Dallas Task Force Endorses Overdose Mapping

Overdose Mapping
Different types of medications and drugs | Image by Towfiqu ahamed barbhuiya/Shutterstock

A City of Dallas task force, set up to combat rising opioid deaths, has lent its support to a Texas House of Representatives bill seeking to expand and allow overdose mapping.

HB 3540, authored by Rep. John Lujan (R-San Antonio), allows cities to bypass HIPAA medical privacy rules and map locations of overdoses.

In a television interview with WFAA, District 9 Council Member Paula Blackmon endorsed the plan:

“What we can find out is where communities are having those overdoses and then we can deploy resources there, whether it through be [sic] enforcement, whether it through be [sic] recovery, education.”

Nationwide, over 100,000 Americans died from drug overdoses in 2021, as tracked by the Centers for Disease Control.

In Dallas, Narcan administrations increased 70% between 2021 and 2022, according to Dallas Fire-Rescue.
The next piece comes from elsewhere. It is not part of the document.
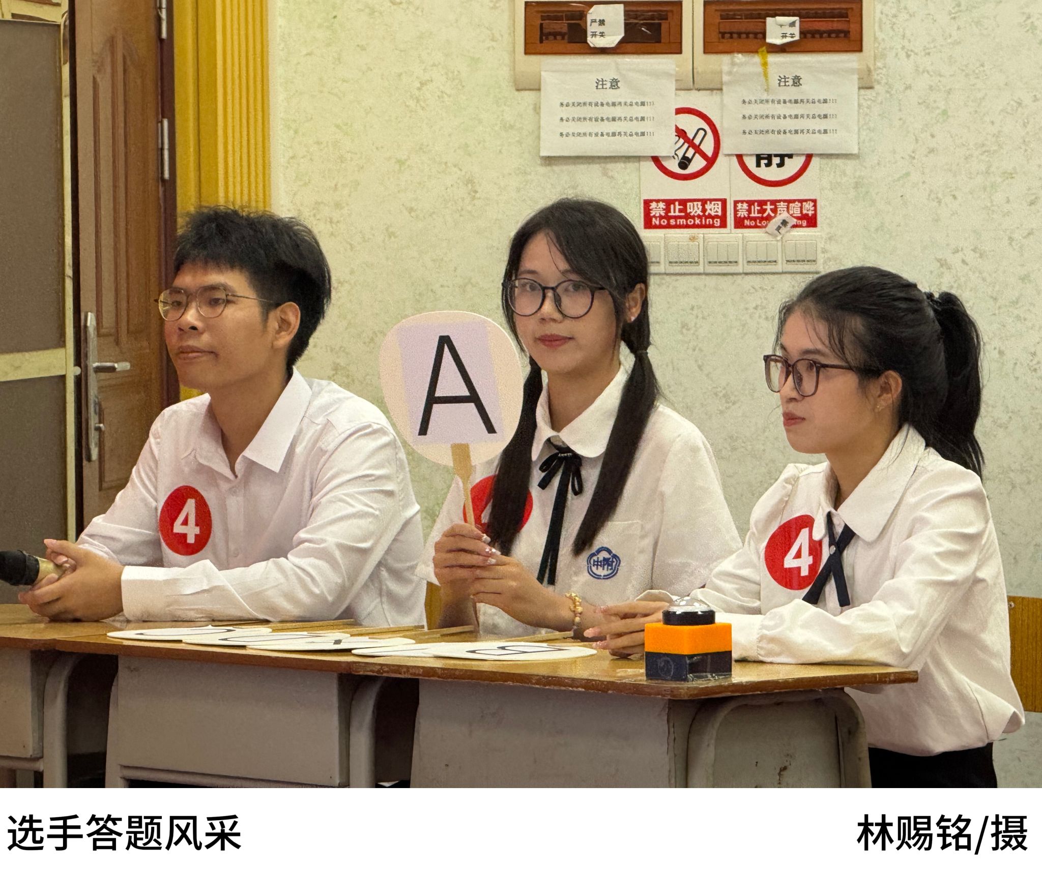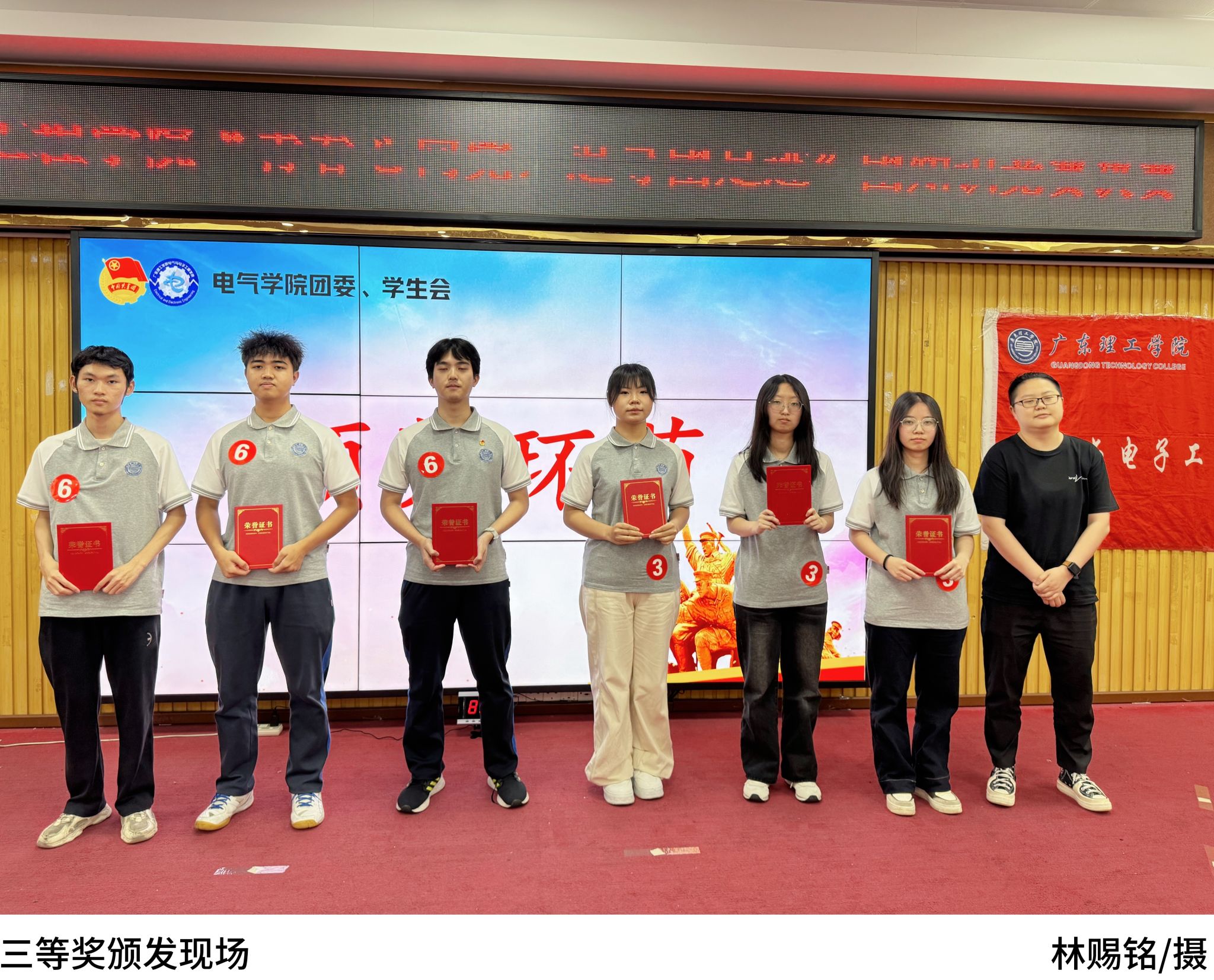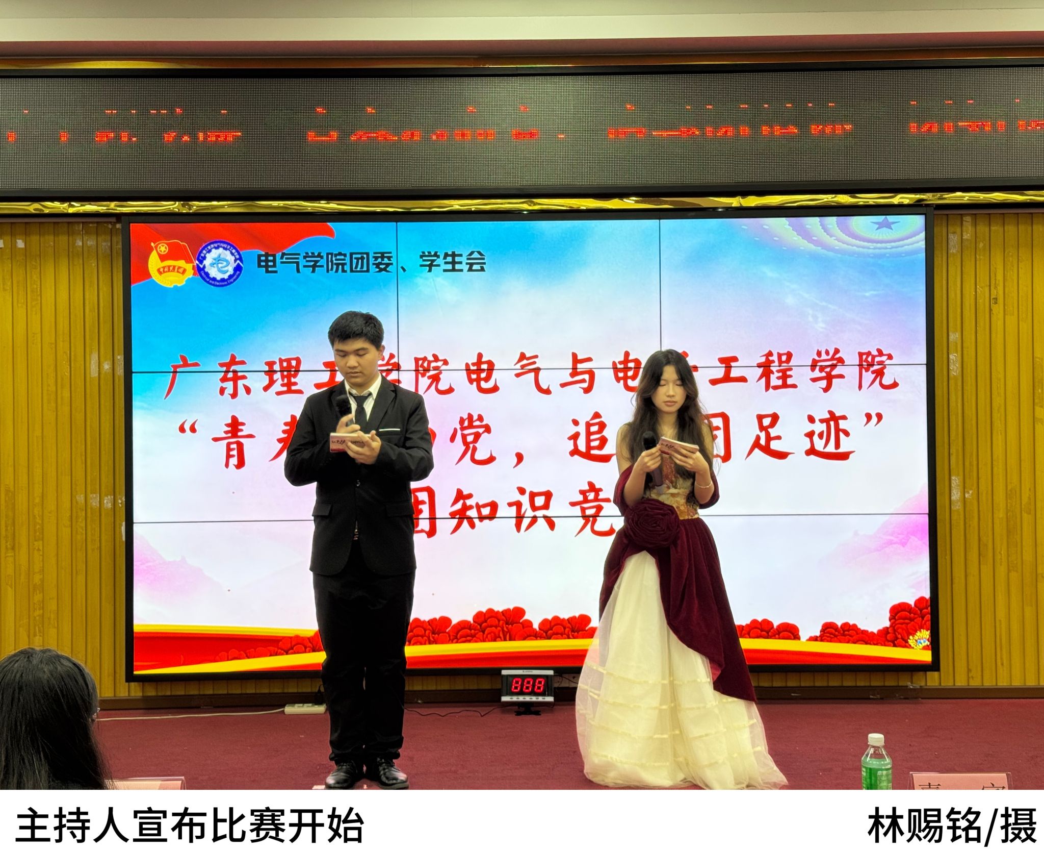 随后,主持人宣读本次比赛的内容及赛制,本次决赛共设三轮,分别是团知识比拼、团知识抢答、红色表演赛!六支晋级队伍分别为:“我上早八队”、“指定能队”、“从容应队”、“闪熠之队”、“心中有党一定队”、“全都队”。

Narcan is a life-saving drug that can rapidly reverse the effects of an opioid overdose.

According to the City of Dallas Opioid Response website, the easiest way to prevent an overdose is to avoid illegal drugs:

“The best and easiest way to prevent fentanyl overdose is never to use illicit drugs and to avoid buying prescription pills through social media or e-commerce platforms because they may contain deadly amounts of fentanyl or methamphetamine.”

Still, Council Member Blackmon believes that in-depth education can prevent deaths where “just say no” education has failed to do so.

“We’re going to bring families together and have a really hard conversation about how to have these hard conversations with our youngsters. We’re going to focus on putting up ads. We’re going to put it out there everywhere we go because I do believe that when parents know what outcomes can happen from one pill, they will have these conversations,” Blackmon told WFAA.

The Dallas Express reached out to the offices of Council Member Blackmon and Rep. Lujan for comment but did not receive a response from either by the time of publication.